Ansel Adams – Winter Sunrise, Sierra Nevada from Lone Pine, 1944 – Favorite Photographs 2015 #9

I am starting to realize that I love both pictorialist photography and f/64 photography – and that that’s all right. Ultimately, it is about the picture and what the artist is trying to say with the image.  One of the great aspects of searching out favorites at the end of each year is that I get to type the name “Ansel Adams” into a GOOGLE Image search and visit old friends. There they are all lined up and tweaking my memory with a dash (dopamine blasts) of fondness.

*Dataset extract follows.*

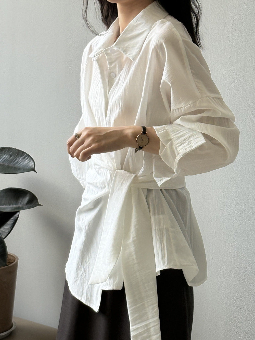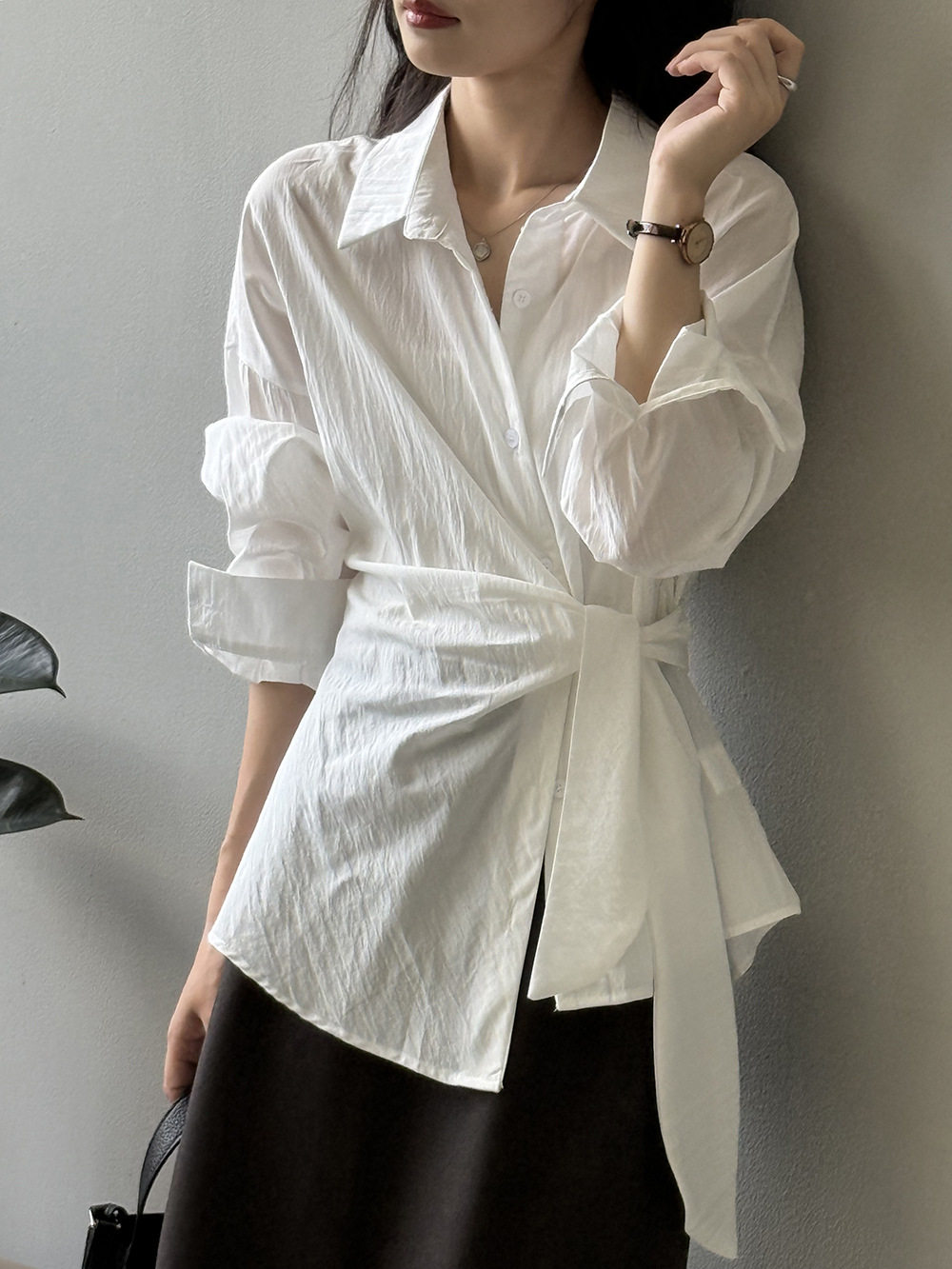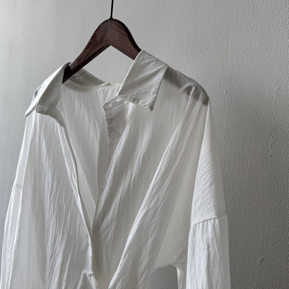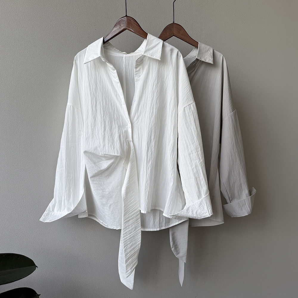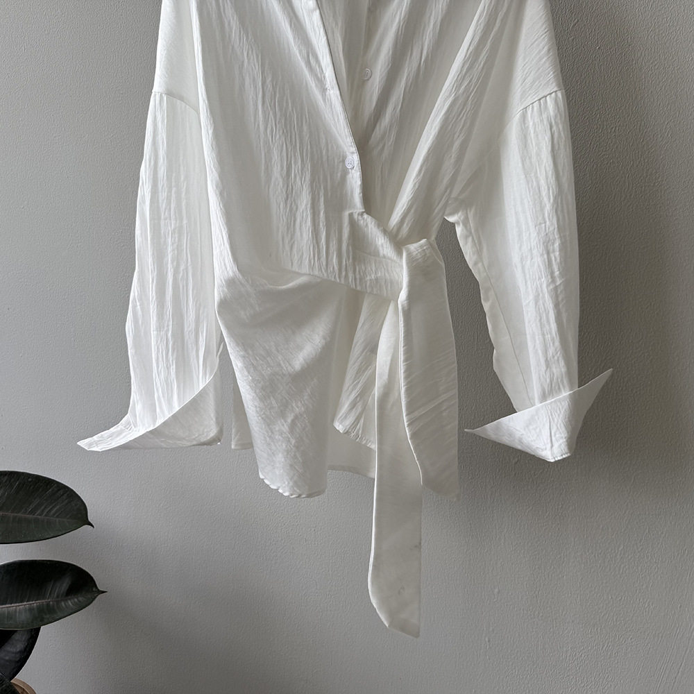 【トップス】テンセルコットン ウエストリボン シャツ レディース 秋新作 開襟シングルボタン ゆったり細見え シャツ【JZシリーズ】

All that fanfare. I would like to name as Favorite Photograph for 2015 # 9 one of my absolute all time Ansel Adams photographs:  Winter Sunrise, Sierra Nevada from Lone Pine, 1944.   As with all of Adams’ work there are lots of copies on the web and the link that I have given you is from Scripps College. I chose it because it has those absolutely luscious sepia, selenium tones that finalize a great Adams print. The appeal of Winter Sunrise to me is that it represents everything that Ansel Adams stood for. It is crystal sharp and its dynamic range – the zone system personified as if it were a religion. Note the detail in both the blacks and whites, the subtle differences between the clouds and the sky.  Then there is the spotlighting of the horse. The horse is, of course, the central figure in the image, but given the grandeur of the mountains it takes a moment or two for you eye to realize that fact. And recognize that the mountains and the horse define the great American West. This was Ansel Adams at the height of his career – as the master of his craft.